(Collected data)
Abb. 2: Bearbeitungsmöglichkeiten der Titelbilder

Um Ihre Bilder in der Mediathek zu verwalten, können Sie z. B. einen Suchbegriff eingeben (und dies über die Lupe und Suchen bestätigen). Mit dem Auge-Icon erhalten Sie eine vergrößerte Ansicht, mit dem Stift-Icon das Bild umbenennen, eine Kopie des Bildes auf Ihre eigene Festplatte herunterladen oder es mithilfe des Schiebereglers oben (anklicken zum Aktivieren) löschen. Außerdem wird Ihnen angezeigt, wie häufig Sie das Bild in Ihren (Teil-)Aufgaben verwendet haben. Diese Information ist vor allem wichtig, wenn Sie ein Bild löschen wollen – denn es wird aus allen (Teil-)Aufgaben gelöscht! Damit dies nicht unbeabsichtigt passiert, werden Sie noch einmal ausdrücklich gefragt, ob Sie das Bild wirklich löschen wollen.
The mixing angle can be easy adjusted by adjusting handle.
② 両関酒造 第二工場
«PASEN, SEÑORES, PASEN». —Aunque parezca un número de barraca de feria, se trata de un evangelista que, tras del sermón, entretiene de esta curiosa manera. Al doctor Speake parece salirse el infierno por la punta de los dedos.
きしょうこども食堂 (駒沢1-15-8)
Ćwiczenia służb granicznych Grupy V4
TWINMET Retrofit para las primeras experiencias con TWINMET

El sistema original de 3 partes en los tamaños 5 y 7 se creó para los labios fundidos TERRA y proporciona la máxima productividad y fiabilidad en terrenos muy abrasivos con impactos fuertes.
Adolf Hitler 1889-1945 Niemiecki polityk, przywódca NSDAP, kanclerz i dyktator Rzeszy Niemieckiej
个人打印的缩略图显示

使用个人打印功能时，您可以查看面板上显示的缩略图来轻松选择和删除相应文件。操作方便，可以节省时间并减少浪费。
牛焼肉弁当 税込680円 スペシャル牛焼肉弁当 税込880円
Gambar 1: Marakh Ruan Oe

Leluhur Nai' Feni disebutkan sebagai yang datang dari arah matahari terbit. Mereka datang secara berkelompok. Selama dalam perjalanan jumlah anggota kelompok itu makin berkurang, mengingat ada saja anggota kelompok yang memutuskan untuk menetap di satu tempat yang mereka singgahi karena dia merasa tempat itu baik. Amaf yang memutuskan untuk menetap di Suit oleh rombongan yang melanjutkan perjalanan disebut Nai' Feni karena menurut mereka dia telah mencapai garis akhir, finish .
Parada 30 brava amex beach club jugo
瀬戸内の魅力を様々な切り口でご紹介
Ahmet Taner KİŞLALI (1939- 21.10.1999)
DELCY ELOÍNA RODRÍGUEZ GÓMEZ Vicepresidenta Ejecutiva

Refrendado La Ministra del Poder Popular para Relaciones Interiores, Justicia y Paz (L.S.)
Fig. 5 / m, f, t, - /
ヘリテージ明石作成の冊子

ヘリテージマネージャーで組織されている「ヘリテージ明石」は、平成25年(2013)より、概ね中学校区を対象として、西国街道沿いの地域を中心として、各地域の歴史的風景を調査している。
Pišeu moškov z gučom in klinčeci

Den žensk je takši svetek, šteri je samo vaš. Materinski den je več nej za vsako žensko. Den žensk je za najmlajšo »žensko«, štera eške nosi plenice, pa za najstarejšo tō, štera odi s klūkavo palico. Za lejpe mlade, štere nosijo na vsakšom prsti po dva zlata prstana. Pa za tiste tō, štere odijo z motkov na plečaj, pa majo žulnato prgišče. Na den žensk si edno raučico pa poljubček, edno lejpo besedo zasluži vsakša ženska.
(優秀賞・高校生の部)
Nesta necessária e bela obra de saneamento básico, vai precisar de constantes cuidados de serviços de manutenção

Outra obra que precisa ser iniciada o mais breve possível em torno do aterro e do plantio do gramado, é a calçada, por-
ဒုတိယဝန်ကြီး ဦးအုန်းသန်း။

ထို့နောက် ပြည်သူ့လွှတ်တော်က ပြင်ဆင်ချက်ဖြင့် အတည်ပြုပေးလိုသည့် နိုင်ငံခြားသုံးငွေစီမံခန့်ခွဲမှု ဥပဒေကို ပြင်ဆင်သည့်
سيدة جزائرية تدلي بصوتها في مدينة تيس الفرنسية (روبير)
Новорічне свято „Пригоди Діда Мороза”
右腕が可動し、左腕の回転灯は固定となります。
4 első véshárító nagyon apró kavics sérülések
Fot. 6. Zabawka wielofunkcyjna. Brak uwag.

Task details.
Look above for the line holding "ဒုတိယဝန်ကြီး ဦးအုန်းသန်း။" and the line holding "右腕が可動し、左腕の回転灯は固定となります。", then output exactly those two lines and every line between them, nothing more.

Answer for this exercise.
ဒုတိယဝန်ကြီး ဦးအုန်းသန်း။

ထို့နောက် ပြည်သူ့လွှတ်တော်က ပြင်ဆင်ချက်ဖြင့် အတည်ပြုပေးလိုသည့် နိုင်ငံခြားသုံးငွေစီမံခန့်ခွဲမှု ဥပဒေကို ပြင်ဆင်သည့်
سيدة جزائرية تدلي بصوتها في مدينة تيس الفرنسية (روبير)
Новорічне свято „Пригоди Діда Мороза”
右腕が可動し、左腕の回転灯は固定となります。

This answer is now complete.